他緊閉雙唇,閉閉眼睛,「問題是你為什麼來找我。」

「我知道巴里在你這兒接受治療,而且至今有一段時間是這樣,我想,你或許能瞭解在她死前她處於什麼樣的心理狀態,無論有任何跡象表明她感覺不舒服。」

托克爾若有所思地摸摸鼻子,說:「卡希爾小姐,很明顯我不可以自由談論我和巴里之間發生的任何事情,這牽扯到醫生與病人之間的信任問題。」

「我知道,托克爾醫生,但對我來說,一個總的評論並不一定會破壞這個原則。」

「你什麼時候遇見巴里的?」

問題的轉變令卡希爾措手不及,一時答不上來。過了一會兒,她才說:「在大學,我倆關係很好,直到兩人各自走上不同的道路。當然,我倆也經常聯絡,加深我們的友誼。」

「你說你和巴里的關係很密切,有多密切?」

「很密切。」她想起了馬克-霍特克斯,他也曾對兩人關係的密切程度提出過質疑,「你對我倆之間的友誼或我來這裡的原因存有疑問嗎?」

他搖搖頭笑了,「不,根本不是,如果我的話讓你產生了那樣的印象,請原諒。你在華盛頓地區居住和生活嗎?」

「不,我……我在布達佩斯的美國大使館工作。」

「那太好了,」托克爾說,「我曾在那兒待過一段時間,這座城市很迷人,蘇聯人控制了這個城市真是可恥,什麼東西都隱瞞起來。」

「其實並不像人們想的那樣糟糕,」卡希爾說,「它在蘇聯所有的衛星國裡是最開放的。」

「可能吧。」

卡希爾漸漸明白,他在和她玩一個遊戲,就是問一些他早已知道答案的問題,她決定直截了當地切入正題:「托克爾醫生,我們以前見過面。」

他斜著眼,身體向前傾,「我也想到曾經見過你,是在布達佩斯嗎?」

「是的,你在參加一個大會,我剛好趕到。」

「哦,我想起來了,大概是在招待會上,是嗎?一個令人厭惡的晚會,你今天的頭髮跟那天有些不同,更短些是嗎?」

卡希爾沒想到他記得這麼清楚,吃驚地笑了,「是的,你的記憶力真好。」

「卡希爾小姐,坦白說,遇見一位女士一年多後再遇見她,說她改變了髮式是很保險的,通常顏色也會有變化,但你沒有。」

「不是這樣,在某種程度上說,我天生並不是金髮的。」

「是的,我認為也不是,你在使館做什麼工作?」他問。

「負責行政事務,如貿易代表團,幫助走散的美國遊客。就這些瑣事。

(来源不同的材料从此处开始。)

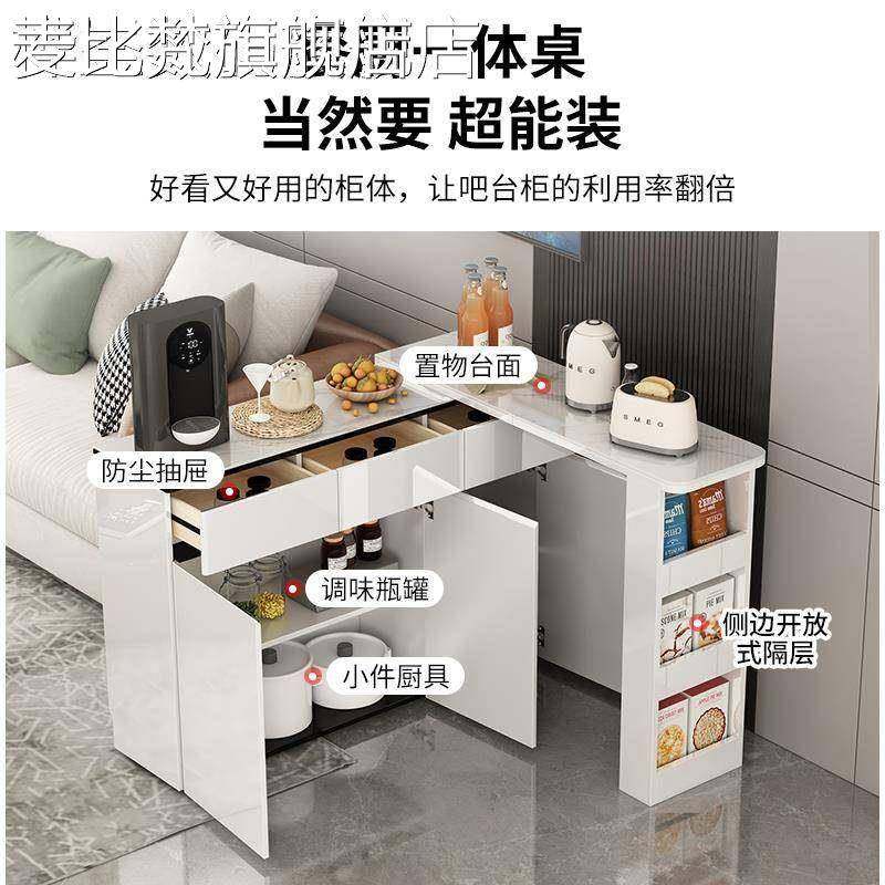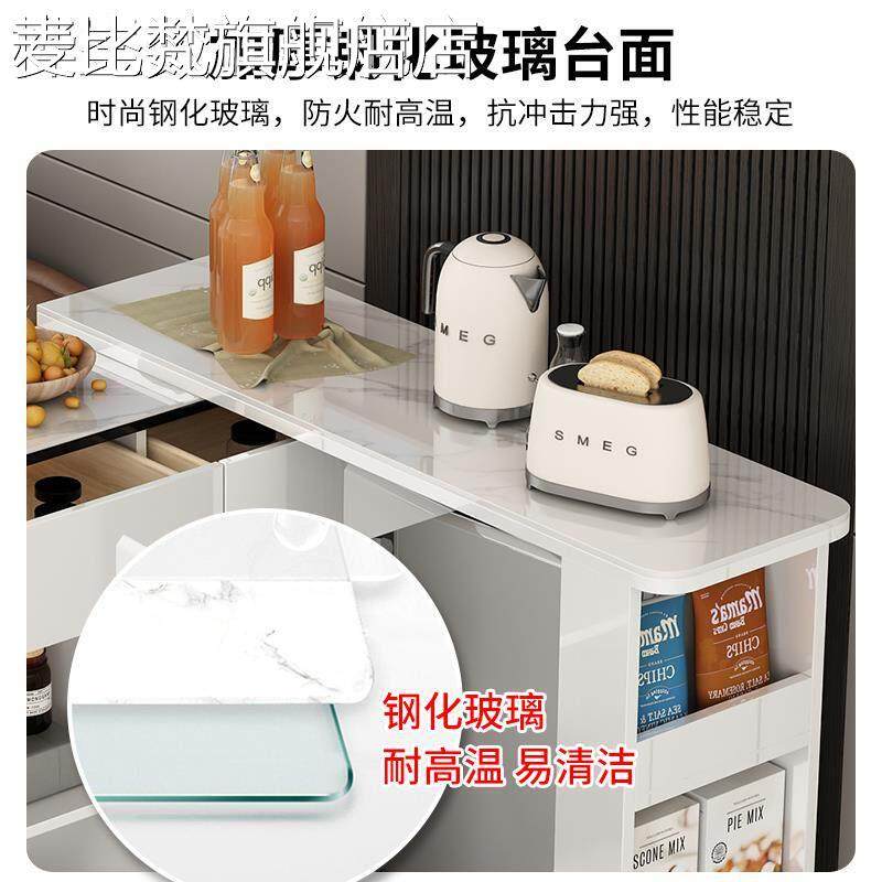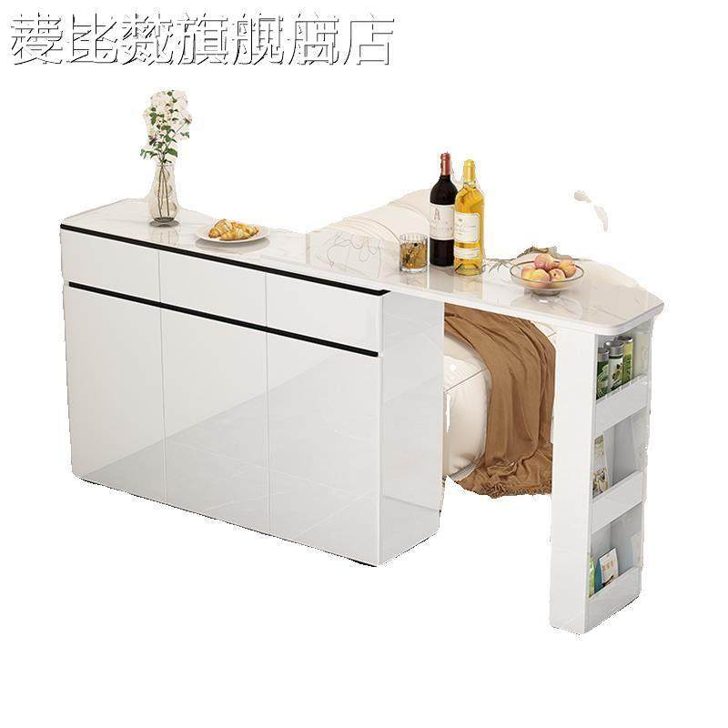 麦比梵现代简约餐边柜吧台柜餐桌一体轻奢家用多功能小户型伸缩储物柜子床笠拉车
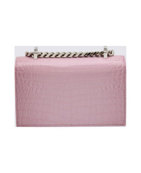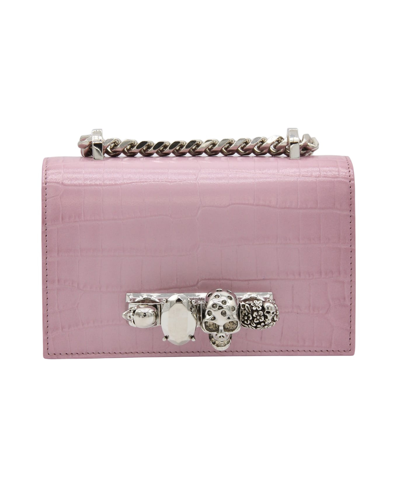 Pink leather Jewelled Satchel mini shoulder bag from McQueen featuring frontal fastening, chain, silver tone hardware and inside pocket. Composition: _, 100% Le Made in: Italy Color: Pink Model number: 6531341HB025815
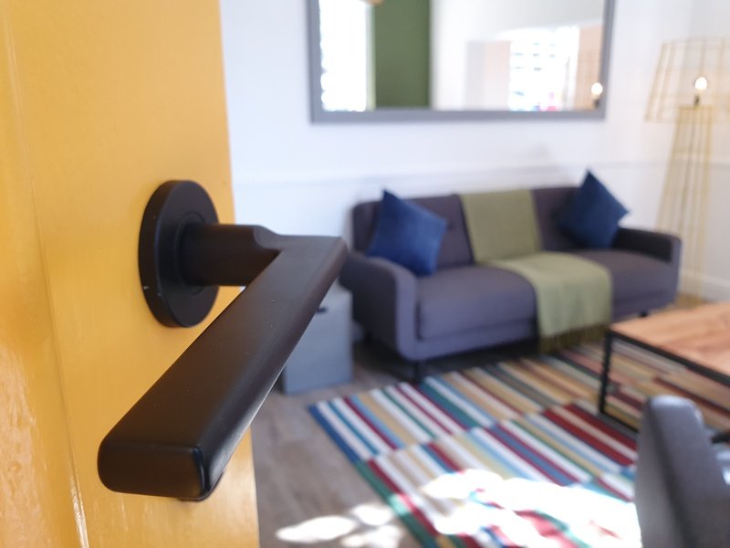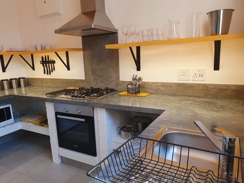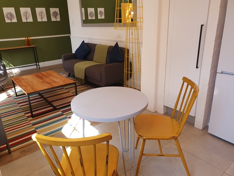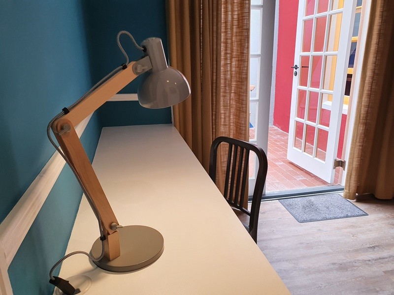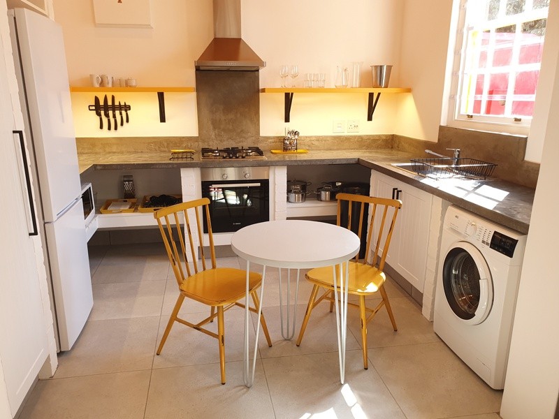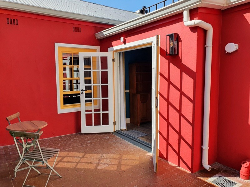 A great place to “work from home” or use for leisure, traditional pavement steps lead you to the sunshine-yellow front door and raised red terrace. The open plan living area and kitchen face Waterkant Street, with plenty of light from the front sash windows. The fully fitted kitchen, with concrete work tops, white bricks and yellow ceiling, has seating for two.

」

「哦,一點都不無聊。」

「我在布達佩斯有一個好朋友。」

「真的?誰?」

「一位同事,她叫阿帕德-海迪蓋什,你認識他嗎?」

「你說他是……是你的同事,一個精神病醫生?」

「是啊,一個非常好的人,他的才華用在蘇聯統治下的社會里簡直是浪費。但他始終保有他的獨特之處。」

「就像大多數匈牙利人。」她說。

「是這樣的,就像你必須在你那些瑣碎的事情之內為別的活動尋求餘地一樣,你從事幫助失散的遊客這項工作有多久了?這可不同於……」

他還沒說完,卡希爾就接過話問:「不同於什麼?」

「不同於你在中央情報局的任務。」

他的這句話著實讓卡希爾吃驚不已。早年在中情局效力的事早已清除了她的腦子裡,有時會想到過去,但她都會神經質地笑笑,就算過去了,那不再是事實。她望著他的眼睛說:「這可是一個有趣的評論。」

「還要喝酒嗎?」他站起來,走到吧檯邊,問卡希爾。

「不要了,謝謝,我喝的夠多了。」她望著桌上的杯子,想起上次她與阿帕德-海迪蓋什在布達佩斯見面時,他說的一句話,「賈森-托克爾要能對蘇聯人很友好。」

托克爾端著杯子回到他的座位上,喝了幾口,「卡希爾小姐,如果你表現得坦誠些,我想你的目的就會達到一大半,我們也相處得更好。」

「你怎麼覺得我不坦誠呢?」

「這不是想想的事,卡希爾小姐,我知道你沒有誠意。」卡希爾還沒來得及辯解,他就接著說道:「科列特-卡希爾,以優等成績畢業於喬治華盛頓大學法學院,在一家法律雜誌社做了一年多,然後在中央情報局英國分部幹了一段時間,之後,調到布達佩斯。準確嗎?坦誠嗎?」

「我會給人留下這麼深的印象嗎?」她問。

「只有你生命中的每一天真實記錄下了你的人生旅程,我也是如此。你很聰明,又很有才華和野心。」

「謝謝,輪到我問你問題了。」

「請問。」

「假定你說的關於我的事情都是正確的,特別是我仍然在為中央情報局效力,你是怎麼知道這些的?」

聽完,他開始是微笑,後來立即變成了大笑,「無法證明,然後呢?」

「是101精神病醫學院嗎?用一個問題來回答另一個問題?」

「那你就離題萬里了,卡希爾小姐,希臘人最擅長這個,蘇格拉底教的技巧。」

「對,那穌也這麼教,作為學生的學習工具,不要逃避一個合理的問題。」

托克爾搖搖頭說:「你還是不坦誠,是嗎?」

「不坦誠?」

「是的,你知道的,通過邁耶或其他你們組織里的人,我都有機會向你的老闆提供某些服務。」

卡希爾微微一笑說:「這句話真是夠坦誠的,以致讓我們的老闆都會感到不安,如果我們都為他幹活。」

「不,卡希爾小姐,是你們的老闆,我只是作為一個顧問參與一個或兩個計劃。」

她很清楚,他現在說的每個字都是真的,如果繼續玩這個遊戲就太愚蠢了,於是她說:「我想再喝杯酒。」

他為她又倒了一杯,當兩人都坐好以後,他看看錶說:「稱不用再問問題了,我儘量告訴你你想知道的事情。巴里-邁耶是一個很可愛而且很成功的女性。這一點你很清楚,她找到我是因為她的生活中出現了不愉快的因素,也就是談判出了些問題。當然,從事情本身來講是一個精神正常的訊號。」

「來尋求幫助?」

「當然,她意識到了問題,於是就採取了行動,她和大多數接受各種治療的人一樣,聰明、理智,能把生活中絕大多數方面聚攏在一起,只是有些恍惚。後來,眼前會出現以前的幻像,我們對她做了很好的治療。」